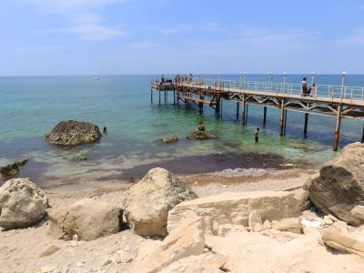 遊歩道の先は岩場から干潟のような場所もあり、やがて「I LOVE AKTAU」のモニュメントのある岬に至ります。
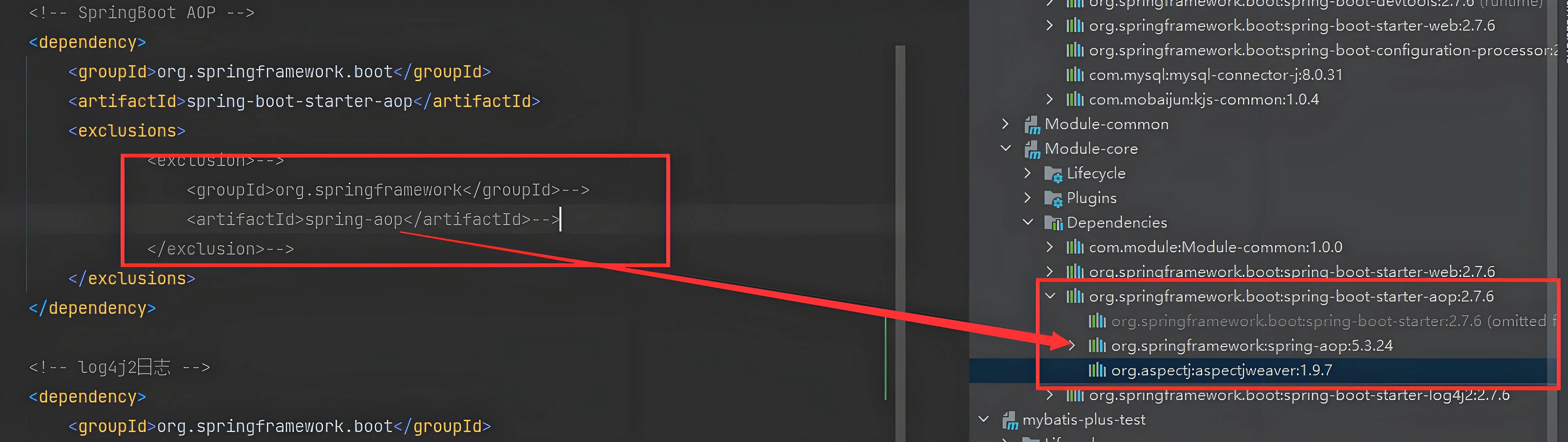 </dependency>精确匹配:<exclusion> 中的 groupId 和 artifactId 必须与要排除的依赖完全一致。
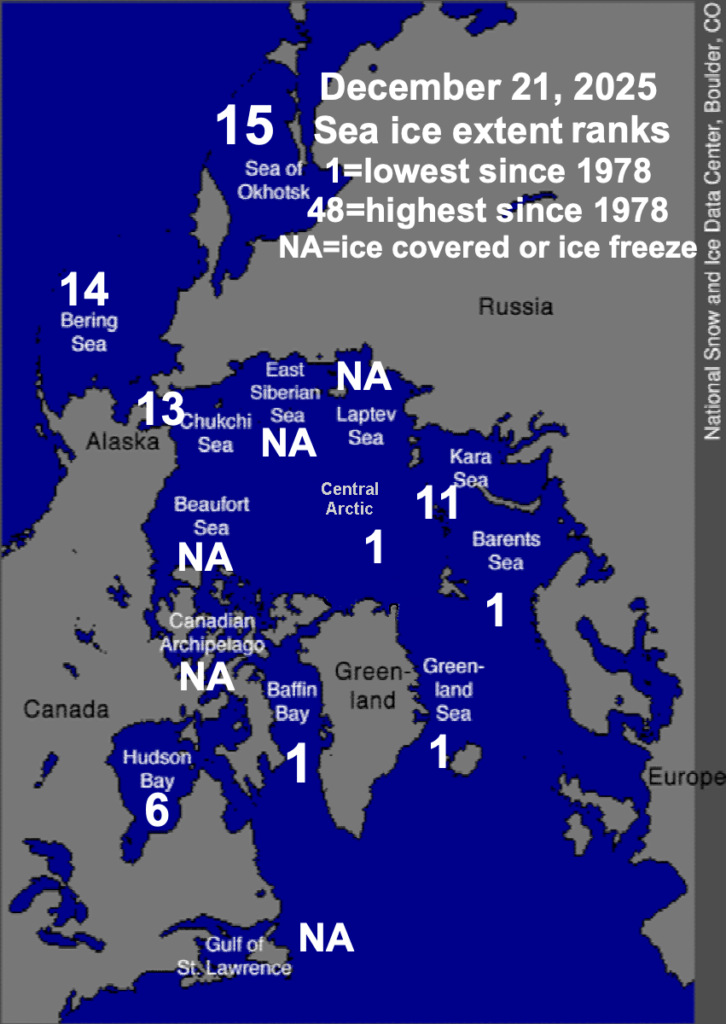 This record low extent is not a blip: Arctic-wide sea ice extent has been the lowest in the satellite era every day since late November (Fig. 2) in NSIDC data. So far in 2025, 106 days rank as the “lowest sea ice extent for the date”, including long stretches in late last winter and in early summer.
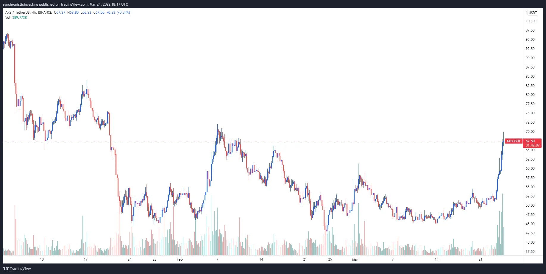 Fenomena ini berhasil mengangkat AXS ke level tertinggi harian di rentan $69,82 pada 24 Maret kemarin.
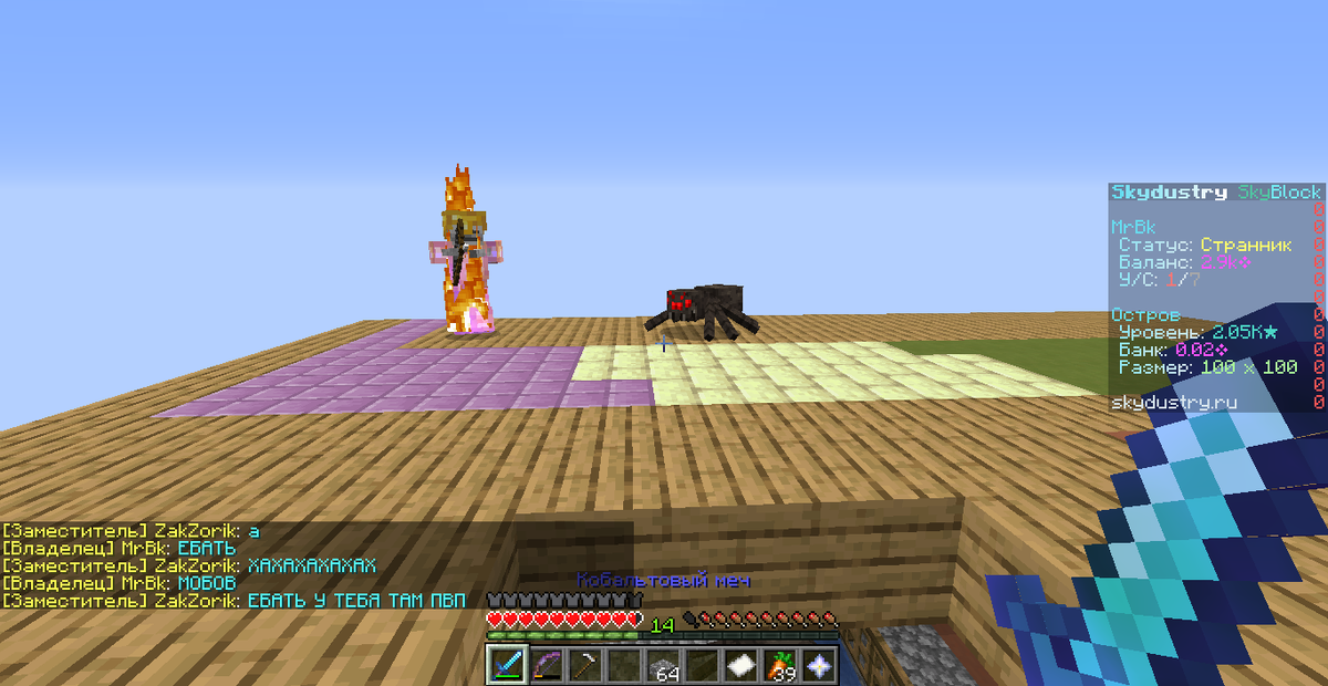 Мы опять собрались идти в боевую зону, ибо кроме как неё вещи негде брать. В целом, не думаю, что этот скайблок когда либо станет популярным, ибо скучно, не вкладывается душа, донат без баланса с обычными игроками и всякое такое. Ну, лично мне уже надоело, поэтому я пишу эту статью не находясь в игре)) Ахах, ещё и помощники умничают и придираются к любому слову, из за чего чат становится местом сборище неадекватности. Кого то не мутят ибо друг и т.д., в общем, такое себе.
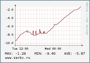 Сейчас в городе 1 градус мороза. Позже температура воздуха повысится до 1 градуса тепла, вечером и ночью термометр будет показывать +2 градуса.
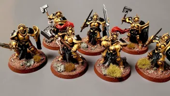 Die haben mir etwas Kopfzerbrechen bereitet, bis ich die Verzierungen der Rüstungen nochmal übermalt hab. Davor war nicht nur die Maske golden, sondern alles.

◆ Try it: In the answer, the entries must appear exactly as above, without the images.

◆ Exercise response:
 遊歩道の先は岩場から干潟のような場所もあり、やがて「I LOVE AKTAU」のモニュメントのある岬に至ります。
 </dependency>精确匹配:<exclusion> 中的 groupId 和 artifactId 必须与要排除的依赖完全一致。
 This record low extent is not a blip: Arctic-wide sea ice extent has been the lowest in the satellite era every day since late November (Fig. 2) in NSIDC data. So far in 2025, 106 days rank as the “lowest sea ice extent for the date”, including long stretches in late last winter and in early summer.
 Fenomena ini berhasil mengangkat AXS ke level tertinggi harian di rentan $69,82 pada 24 Maret kemarin.
 Мы опять собрались идти в боевую зону, ибо кроме как неё вещи негде брать. В целом, не думаю, что этот скайблок когда либо станет популярным, ибо скучно, не вкладывается душа, донат без баланса с обычными игроками и всякое такое. Ну, лично мне уже надоело, поэтому я пишу эту статью не находясь в игре)) Ахах, ещё и помощники умничают и придираются к любому слову, из за чего чат становится местом сборище неадекватности. Кого то не мутят ибо друг и т.д., в общем, такое себе.
 Сейчас в городе 1 градус мороза. Позже температура воздуха повысится до 1 градуса тепла, вечером и ночью термометр будет показывать +2 градуса.
 Die haben mir etwas Kopfzerbrechen bereitet, bis ich die Verzierungen der Rüstungen nochmal übermalt hab. Davor war nicht nur die Maske golden, sondern alles.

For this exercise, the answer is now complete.